*The task*
Please set down word for word every line from the one holding "Combo – Designer" to the end of the data below, both included.
Materials provided Start Marker
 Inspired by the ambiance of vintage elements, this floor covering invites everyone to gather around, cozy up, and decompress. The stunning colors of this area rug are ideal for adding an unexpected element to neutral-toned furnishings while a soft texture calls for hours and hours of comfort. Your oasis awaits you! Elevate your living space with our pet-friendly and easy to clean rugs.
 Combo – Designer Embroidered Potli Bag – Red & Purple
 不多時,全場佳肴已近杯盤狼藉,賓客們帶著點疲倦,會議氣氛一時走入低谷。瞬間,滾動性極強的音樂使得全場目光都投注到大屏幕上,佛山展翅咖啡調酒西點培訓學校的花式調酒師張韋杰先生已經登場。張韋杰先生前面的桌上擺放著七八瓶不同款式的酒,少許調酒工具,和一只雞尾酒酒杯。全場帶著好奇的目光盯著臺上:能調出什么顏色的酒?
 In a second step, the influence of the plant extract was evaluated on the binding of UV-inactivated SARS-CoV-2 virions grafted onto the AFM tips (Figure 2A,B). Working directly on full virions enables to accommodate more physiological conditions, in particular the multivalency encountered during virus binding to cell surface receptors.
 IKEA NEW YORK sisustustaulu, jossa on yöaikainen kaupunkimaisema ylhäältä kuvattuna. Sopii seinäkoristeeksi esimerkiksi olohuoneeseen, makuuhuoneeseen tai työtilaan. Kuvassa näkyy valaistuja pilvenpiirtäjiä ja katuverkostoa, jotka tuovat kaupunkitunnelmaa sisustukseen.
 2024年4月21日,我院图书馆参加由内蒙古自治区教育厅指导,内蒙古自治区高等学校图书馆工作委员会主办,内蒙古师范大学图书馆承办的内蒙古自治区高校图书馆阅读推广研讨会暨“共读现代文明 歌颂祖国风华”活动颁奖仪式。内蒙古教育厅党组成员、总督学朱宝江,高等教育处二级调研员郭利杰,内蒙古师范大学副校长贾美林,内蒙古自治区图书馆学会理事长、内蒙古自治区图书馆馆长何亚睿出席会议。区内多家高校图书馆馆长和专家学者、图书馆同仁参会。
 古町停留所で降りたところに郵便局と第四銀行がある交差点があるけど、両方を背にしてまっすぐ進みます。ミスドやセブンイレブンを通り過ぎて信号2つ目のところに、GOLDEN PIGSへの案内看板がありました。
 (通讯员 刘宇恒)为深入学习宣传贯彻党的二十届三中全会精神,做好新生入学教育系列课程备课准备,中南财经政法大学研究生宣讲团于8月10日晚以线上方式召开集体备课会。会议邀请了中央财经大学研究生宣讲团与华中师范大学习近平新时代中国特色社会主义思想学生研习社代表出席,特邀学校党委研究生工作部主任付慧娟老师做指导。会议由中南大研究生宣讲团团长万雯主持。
Materials provided End Marker
*Result of this task*
 Combo – Designer Embroidered Potli Bag – Red & Purple
 不多時,全場佳肴已近杯盤狼藉,賓客們帶著點疲倦,會議氣氛一時走入低谷。瞬間,滾動性極強的音樂使得全場目光都投注到大屏幕上,佛山展翅咖啡調酒西點培訓學校的花式調酒師張韋杰先生已經登場。張韋杰先生前面的桌上擺放著七八瓶不同款式的酒,少許調酒工具,和一只雞尾酒酒杯。全場帶著好奇的目光盯著臺上:能調出什么顏色的酒?
 In a second step, the influence of the plant extract was evaluated on the binding of UV-inactivated SARS-CoV-2 virions grafted onto the AFM tips (Figure 2A,B). Working directly on full virions enables to accommodate more physiological conditions, in particular the multivalency encountered during virus binding to cell surface receptors.
 IKEA NEW YORK sisustustaulu, jossa on yöaikainen kaupunkimaisema ylhäältä kuvattuna. Sopii seinäkoristeeksi esimerkiksi olohuoneeseen, makuuhuoneeseen tai työtilaan. Kuvassa näkyy valaistuja pilvenpiirtäjiä ja katuverkostoa, jotka tuovat kaupunkitunnelmaa sisustukseen.
 2024年4月21日,我院图书馆参加由内蒙古自治区教育厅指导,内蒙古自治区高等学校图书馆工作委员会主办,内蒙古师范大学图书馆承办的内蒙古自治区高校图书馆阅读推广研讨会暨“共读现代文明 歌颂祖国风华”活动颁奖仪式。内蒙古教育厅党组成员、总督学朱宝江,高等教育处二级调研员郭利杰,内蒙古师范大学副校长贾美林,内蒙古自治区图书馆学会理事长、内蒙古自治区图书馆馆长何亚睿出席会议。区内多家高校图书馆馆长和专家学者、图书馆同仁参会。
 古町停留所で降りたところに郵便局と第四銀行がある交差点があるけど、両方を背にしてまっすぐ進みます。ミスドやセブンイレブンを通り過ぎて信号2つ目のところに、GOLDEN PIGSへの案内看板がありました。
 (通讯员 刘宇恒)为深入学习宣传贯彻党的二十届三中全会精神,做好新生入学教育系列课程备课准备,中南财经政法大学研究生宣讲团于8月10日晚以线上方式召开集体备课会。会议邀请了中央财经大学研究生宣讲团与华中师范大学习近平新时代中国特色社会主义思想学生研习社代表出席,特邀学校党委研究生工作部主任付慧娟老师做指导。会议由中南大研究生宣讲团团长万雯主持。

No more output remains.